**Task goal**
Before anything else, drop the pictures; then return exactly the lines from the top of the listing through the line with "ペグやカート、靴裏についた泥".

**Collected material**
=== Begin Enclosure ===

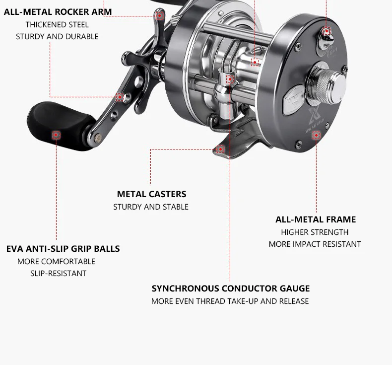 Las bolas de agarre antideslizantes de EVA ofrecen un agarre seguro y cómodo, lo que reduce la fatiga de la mano durante sesiones de pesca prolongadas.La palanca de fundición permite controlar con un solo clic la liberación y recuperación de la línea para un funcionamiento eficiente.Las patas del carrete de metal brindan un soporte estable, evitando que se tambalee cuando se montan en la varilla para mejorar la estabilidad general del manejo.
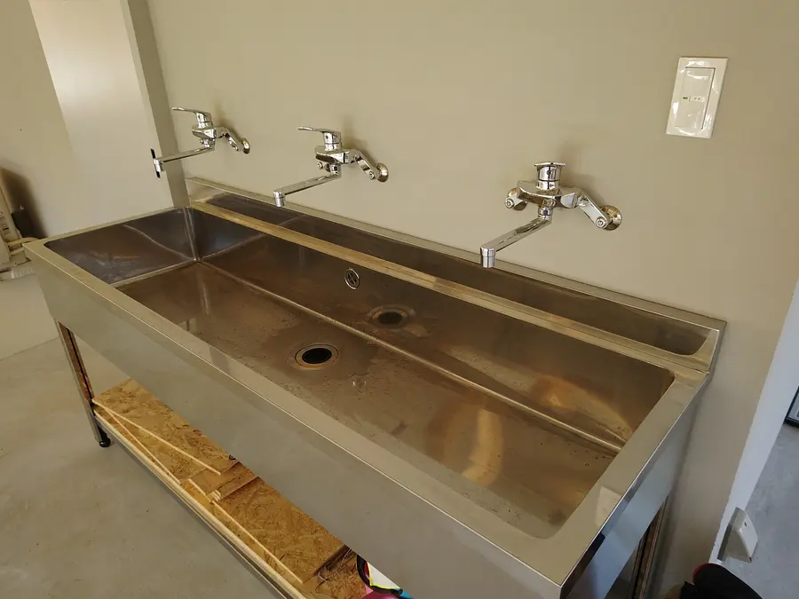 ペグやカート、靴裏についた泥落としなどに使える洗い場もありますので、大きいものや汚れが激しいものは流し台ではなく、こちらをご利用ください。
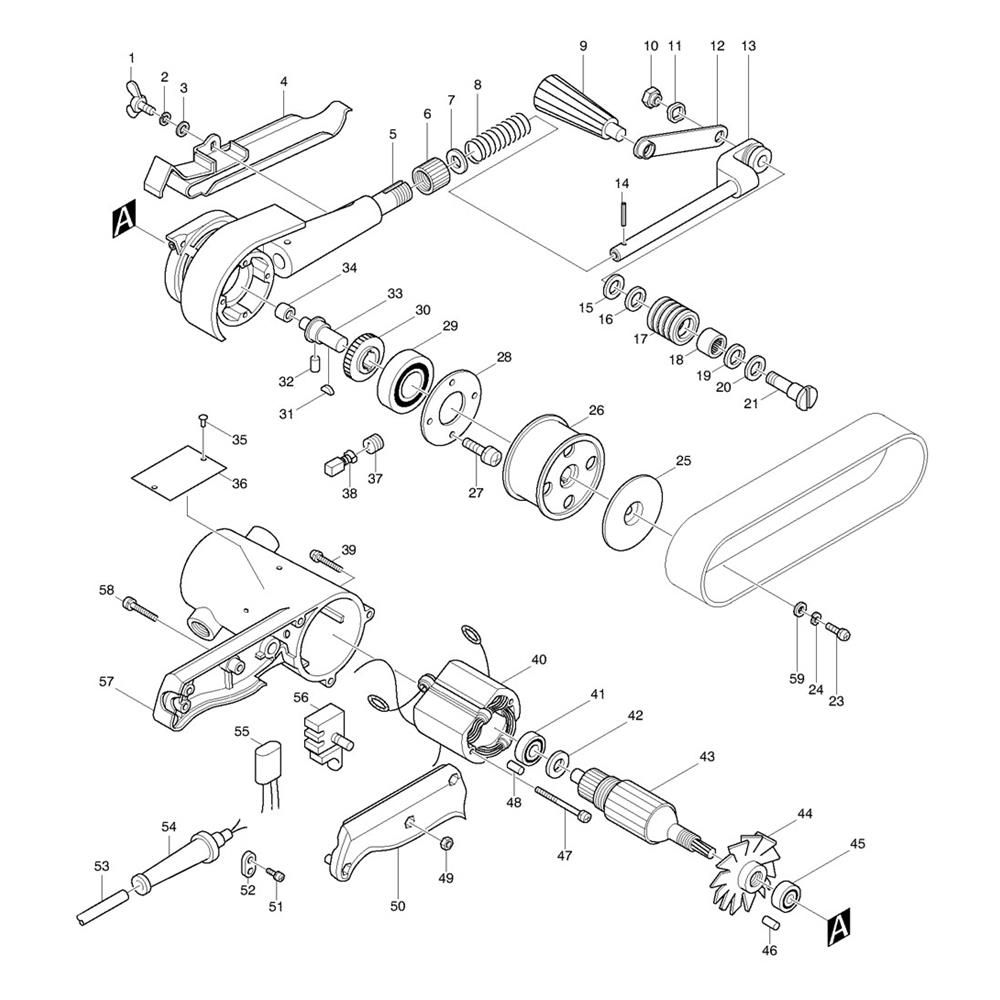 The Complete Assembly for the Makita 9030 Belt Sander includes all necessary components to ensure optimal performance and longevity. This genuine Makita assembly is designed for efficient sanding tasks, providing reliable operation and precision. Components typically include belts, rollers, tensioners, and dust collection parts, ensuring a comprehensive solution for maintenance and repair needs.

=== End Enclosure ===

**Solution to this problem**
 Las bolas de agarre antideslizantes de EVA ofrecen un agarre seguro y cómodo, lo que reduce la fatiga de la mano durante sesiones de pesca prolongadas.La palanca de fundición permite controlar con un solo clic la liberación y recuperación de la línea para un funcionamiento eficiente.Las patas del carrete de metal brindan un soporte estable, evitando que se tambalee cuando se montan en la varilla para mejorar la estabilidad general del manejo.
 ペグやカート、靴裏についた泥落としなどに使える洗い場もありますので、大きいものや汚れが激しいものは流し台ではなく、こちらをご利用ください。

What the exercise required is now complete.